**Extracted records:**

---------------

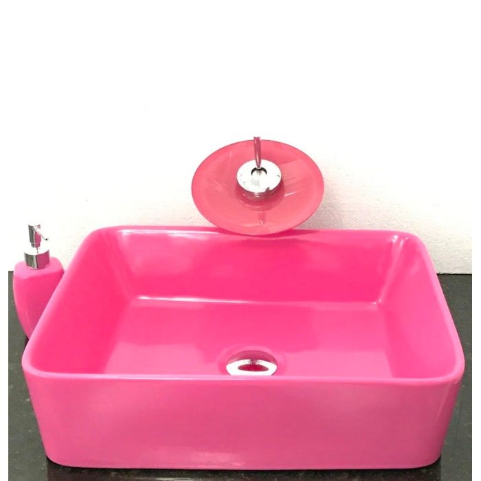 Dimensões: 48 x 37 x 13cm material: cerâmica. kit 5 peças com cuba de louça de sobrepor retangular, válvula click cromada, torneira cascata redonda de vidro temperado rosa, sifão cromado e saboneteira de porcelana rosa
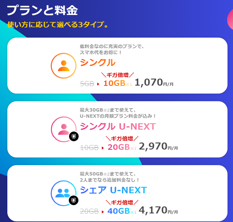 5GBプランや、U-NEXTの月額料金込みプランなど、利用目的に応じて選択できるプランが用意されています。必要以上に複雑なオプションがないため、料金体系がわかりやすい点も特長です。
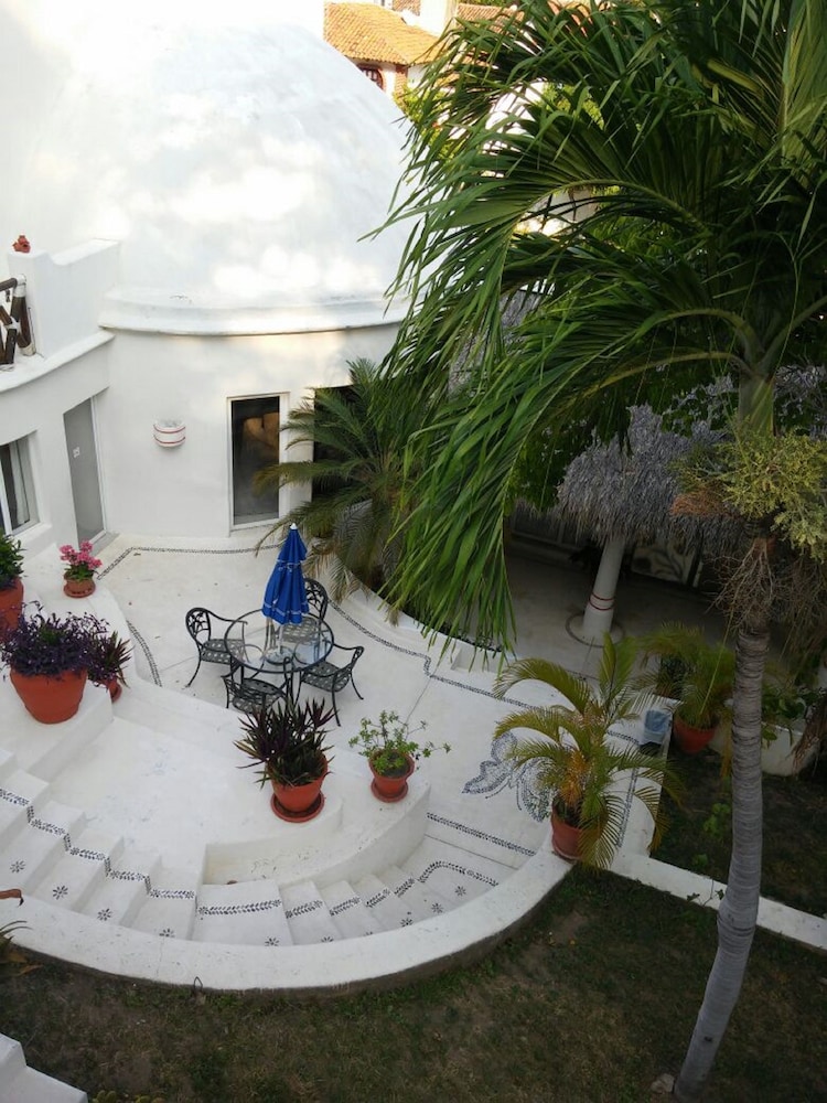 The hotel is built on the side of a hill. It shines white and many rooms have domes. The internet was at times spotty. The bathrooms were a bit dated but worked. Hot water took a bit of time to ramp up. I wanted to get that out of the way because the rest of it is excellent. Comfortable beds. Great pool. Wonderful friendly staff. Place was spotless. It is located in a residential neighbourhood about a Pleasant ten minute walk to the Playa Santa Cruz. This is the main beach in Crucecita, and ii is lined with restaurants.
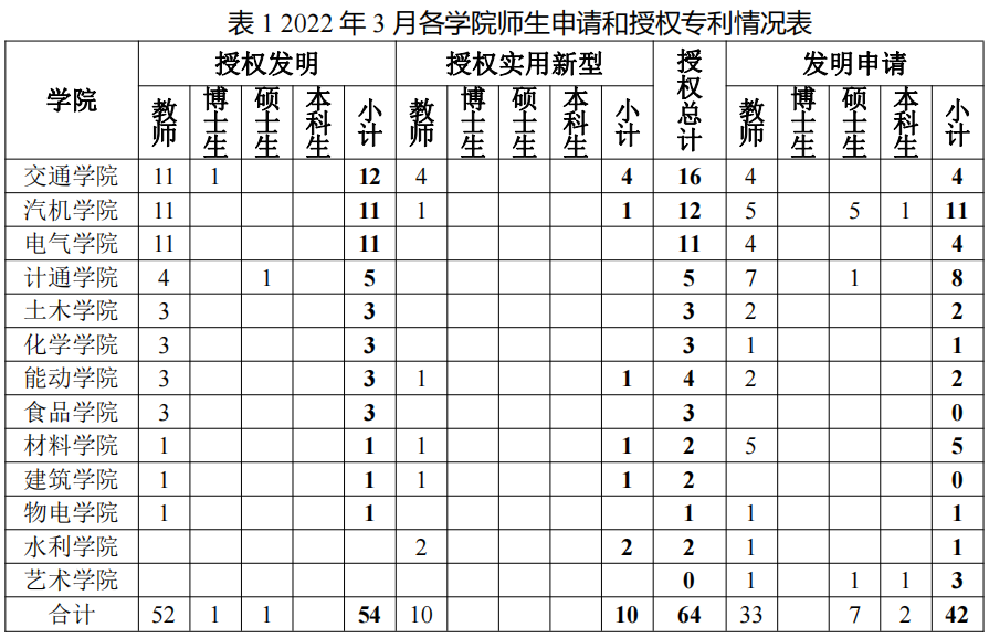 检索各国官方公开/公告的专利数据,筛选出XK星空作为第一申请人或者第一专利权人的专利,结合XK星空人事数据、研究生和本科生数据,按第一发明人所属学院和身份统计各专利成果,得到XK星空各学院教师和学生申请和授权专利的情况见表1所示。
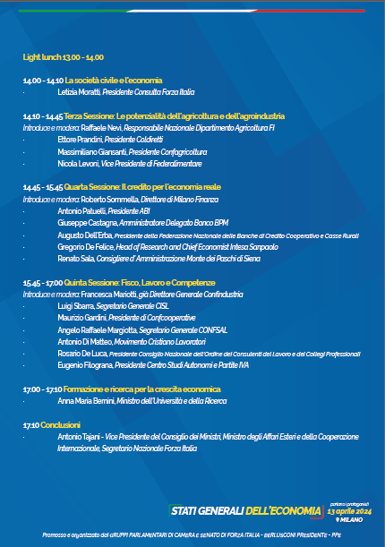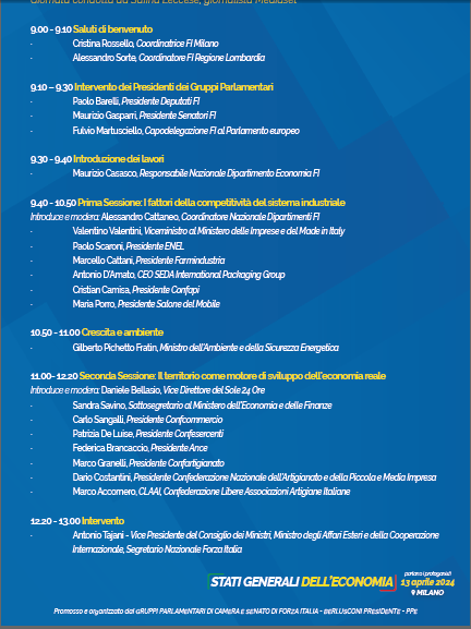 Il 13 Aprile Milano ospiterà gli “Stati Generali dell’Economia di Forza Italia”.

---------------

**What to do:**
Pictures should not appear in the copy. Write out exactly the lines above from the first one through the line that contains "5GBプランや、U-NEXT".

**Written solution:**
 Dimensões: 48 x 37 x 13cm material: cerâmica. kit 5 peças com cuba de louça de sobrepor retangular, válvula click cromada, torneira cascata redonda de vidro temperado rosa, sifão cromado e saboneteira de porcelana rosa
 5GBプランや、U-NEXTの月額料金込みプランなど、利用目的に応じて選択できるプランが用意されています。必要以上に複雑なオプションがないため、料金体系がわかりやすい点も特長です。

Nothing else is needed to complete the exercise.